Vice-Chancellor of the University of Port Harcourt
- In office 10 July 2000 – 9 July 2005

Chairman of the Rivers State Economic Advisory Council
- Incumbent
- Assumed office November 2007

Personal details
- Born: Nimi Dimkpa Briggs 22 February 1944 Port Harcourt (now in Rivers State), Colony and Protectorate of Nigeria
- Died: 10 April 2023 (aged 79) Nigeria
- Spouse: Data Ogi-Briggs
- Children: 3
- Education: University of Lagos (MBBS)
- Website: www.nimibriggs.org

= Nimi Briggs =

Nigerian academic (1944–2023)

Nimi Dimkpa Briggs (22 February 1944 – 10 April 2023) was a Nigerian academic, scholar and Emeritus Professor of Obstetrics and Gynaecology.

==Education==
Briggs had his early education at Nyemoni Grammar School Abonnema and Baptist High School, Port Harcourt.
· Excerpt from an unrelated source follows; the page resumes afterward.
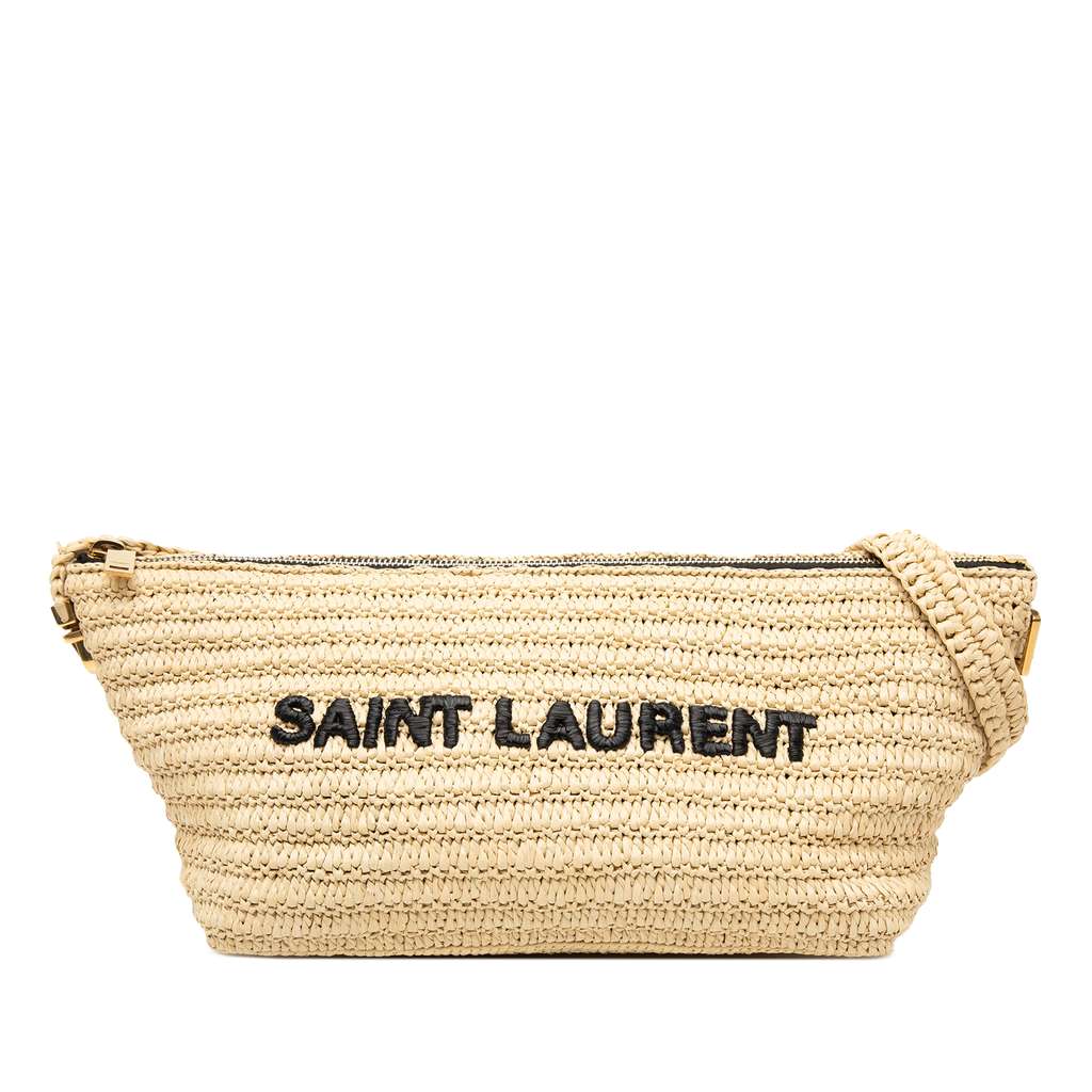 Saint Laurent Woven Raffia Le Tuc Logo Shoulder Bag Beige Sm

Later, he enrolled at Government College Umuahia where he completed his secondary education. In June 1969, he received his bachelor's degree in Medicine and Surgery from the University of Lagos, Nigeria.

==Career==
Briggs served as the Vice-Chancellor of University of Port Harcourt twice. First, as Acting Vice-Chancellor from 1995 to 1996, before he was appointed again in 2000 serving until 2005. He was the former Chairman Committee of Vice Chancellors of Nigerian Universities and the Chairman of the Board of the National Hospital. Between 2007 and 2008, he was appointed Chairman of the Rivers State Economic Advisory Council and the Rivers State Community Foundation as well as, Director of Centre for Health and Development, University of Port Harcourt.

==Death==
Nimi Briggs died on 10 April 2023, at the age of 79.